Another in the series of Friedman articles on China

Nov 02, 2005 09:50

I've pasted the article behind the cut. Most jarring and to the point is the last line of the article, "We deserve to lose. We are clutching our past with these tremulous hands, and everyone else is vigorously grasping the future."


China's Little Green Book
By THOMAS L. FRIEDMAN
Published: November 2, 2005
BEIJING

There are only about 60 gold-standard green buildings in the world - that is, buildings certified by the U.S. Green Building Council as having been made with the materials and systems that best reduce waste, emissions and energy use. One of those buildings is in Beijing - China's Ministry of Science and Technology, at 55 Yuyuantan Nanlu Street.

I toured it the other day with Robert Watson from the Natural Resources Defense Council, who advised China in designing the building. What struck me most was how much stuff in China's greenest building was labeled "Made in China."

Get used to it. In China, conservation is not a "personal virtue," as Dick Cheney would say. Today it is a necessity. It was so polluted in Beijing the other day you could not make out buildings six blocks away. That's the bad news. Here's the good news: China's leaders and business community know it. They know that as China grows more prosperous, and more Chinese buy homes and cars, it must urgently adopt green technologies; otherwise, it will destroy its environment and its people. Green technology will decide whether China continues on its current growth path or chokes itself to death. So green innovation is starting to mushroom in China.

And what's the U.S. doing as green technology is emerging as the most important industry of the 21st century? Let's see: the Bush team is telling our manufacturers they don't have to improve auto mileage standards or appliance efficiency, is looking to ease regulations on oil refiners and is rejecting a gas tax that would help shift America to hybrid vehicles.

We should be doing just the opposite: creating more pressures and incentives so our companies will innovate and dominate the next great industry. You think China is cleaning our clock now with cheap clothing? Wait a decade, when we'll have to import our green technology from Beijing, just as we have to import hybrid motors today from Japan.

Green China will be much more challenging than Red China. Look around the nine-story Ministry of Science and Technology building. Yes, a lot of cool things here are from Europe, and some are from the U.S.
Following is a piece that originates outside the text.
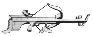 Waffe: Armbrust mit mechanischem Abzug, einem Gesamtgewicht einschließlich Zubehörs bis zu 10 kg, einer maximalen Länge der Visierlänge von 720 mm, Bogenbreite bei aufgezogener Sehne (kein Metall) bis zu 90 cm und einer Spannkraft bis zu 43 kg.

But what about the porous pavement bricks, made of fly ash, a byproduct of coal combustion that allows storm water to flow through and be reabsorbed into the Beijing aquifer? Made in China. The photovoltaic panels that provide 10 percent of the building's electricity from sunlight? Made in China. The solar hot water system? Made in China. The soil substitute in the building's roof garden that is 75 percent lighter than regular dirt and holds three to four times more water per cubic foot? Made in China. The concrete building blocks filled with insulating foam that keeps you warmer in the winter and cooler in the summer? Made in China, by a U.S.-owned company. The water-free urinals? Made for the China market by a U.S.-owned company.

Jack Perkowski, who runs Asimco Technologies, the huge China-based auto parts maker, told me where this is heading: "As China moves from the second-largest market to the first in autos ... the industry here will have to come up with transport that is more affordable, fuel-efficient and environmentally sound."

As green technologies get adopted here and gain scale - Mr. Perkowski cited a Chinese auto company now rushing to develop a green diesel engine for passenger cars - the Chinese will set the standards for the world.

"So they will become technology exporters rather than importers," he said. And because of the unique needs of China and the fact that it will become the biggest market for any product, the Chinese will "innovate at their affordability level." Once they come up with low-cost solutions that work inside China, they will take them global at China prices.

The China Daily reported that China's 11th five-year plan, which starts soon, includes a program to sharply reduce China's energy usage per unit of G.D.P. by 2010. "To hit the target, a huge business potential will be open to investors," Zhou Dadi, director of China's top energy research institute, told a forum held by the paper.

"China is growing three times as fast as we are," Mr. Watson said, "[so] a lot of innovation is going to happen here, and once it is introduced [on the low-cost China platform] it is going to spread a lot faster. ... We are not the only source of innovation on the planet. The Japanese and Europeans are here in a big way, and they are giving their stuff away. ...

"We deserve to lose. We are clutching our past with these tremulous hands, and everyone else is vigorously grasping the future."